▸ TASK TO COMPLETE
Copy from the first line below down to and including the line with "Tiene un sonido". Skip the pictures.

▸ DATA SHOWN
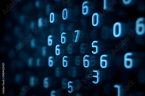 Obraz premium Digital blue numbers floating in a dark space, representing data, coding, or...
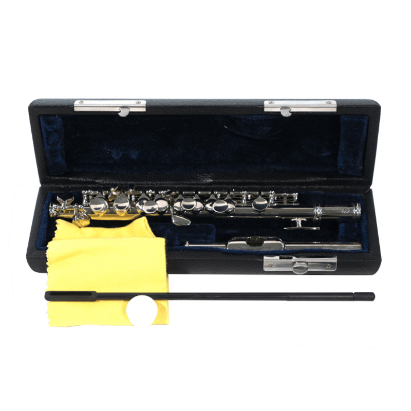 Tiene un sonido Increíble, tiene llaves cerradas y está en DO también tiene un elegante estuche y esta bañada en plata, además tiene un bastoncillo y un paño de limpieza.
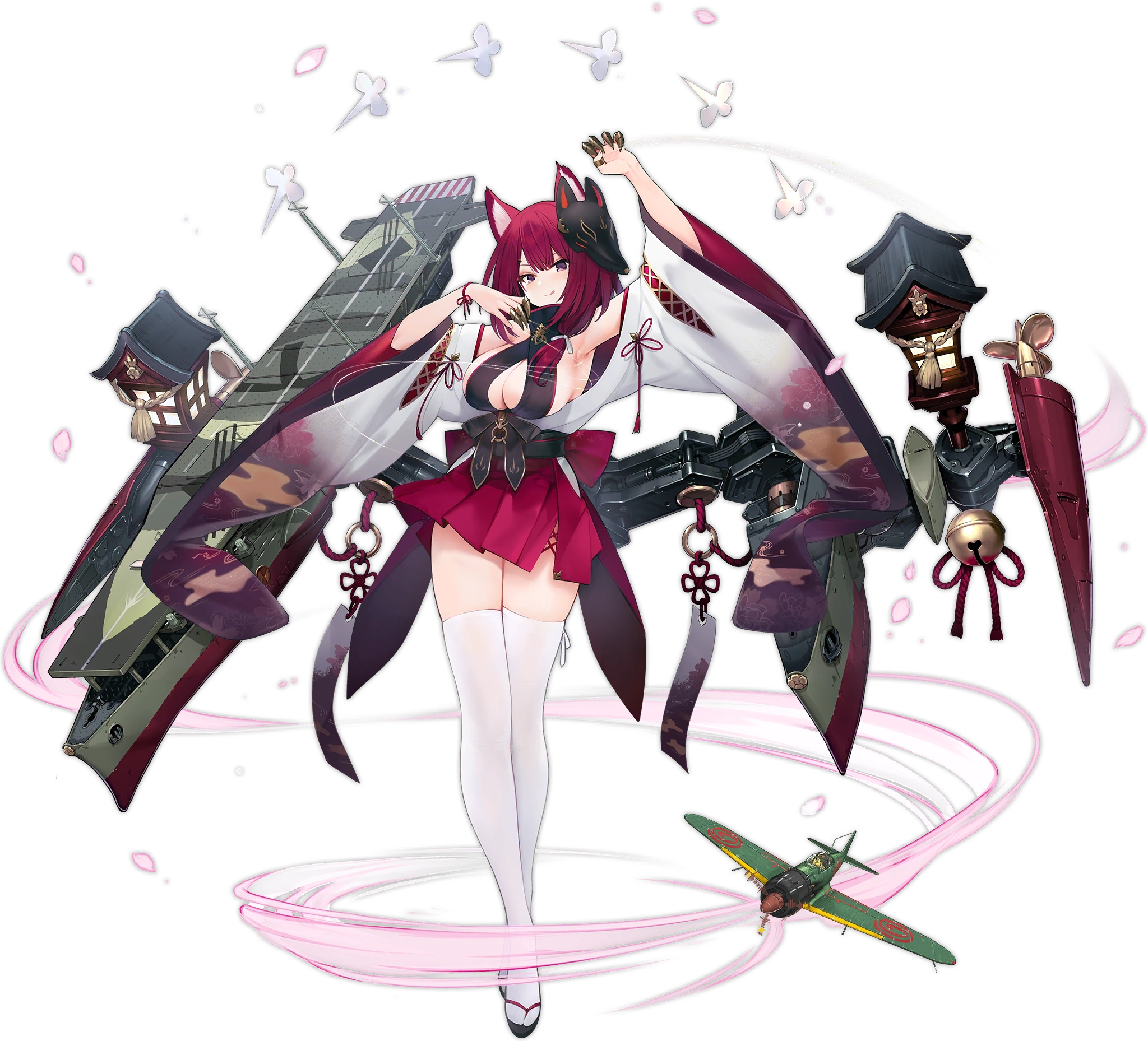 Every battle, when this ship launches its first Airstrike: launches an additional Lv.1 (Lv.10) seaplane airstrike; when it launches is second Airstrike and onwards: 40.0% (70%) chance to launch an additional torpedo bomber airstrike (DMG is based on the skill's level). If there is a Sakura Empire Light Aircraft Carrier in the same fleet as this ship: improves these airstrikes.
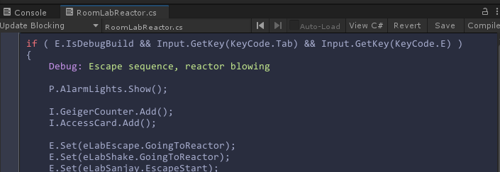 attribute.I also often want a quick debug key to skip to an animation or something in a room. For this I just add a line to check the key is down in UpdateBlocking.

▸ TASK RESULT
 Obraz premium Digital blue numbers floating in a dark space, representing data, coding, or...
 Tiene un sonido Increíble, tiene llaves cerradas y está en DO también tiene un elegante estuche y esta bañada en plata, además tiene un bastoncillo y un paño de limpieza.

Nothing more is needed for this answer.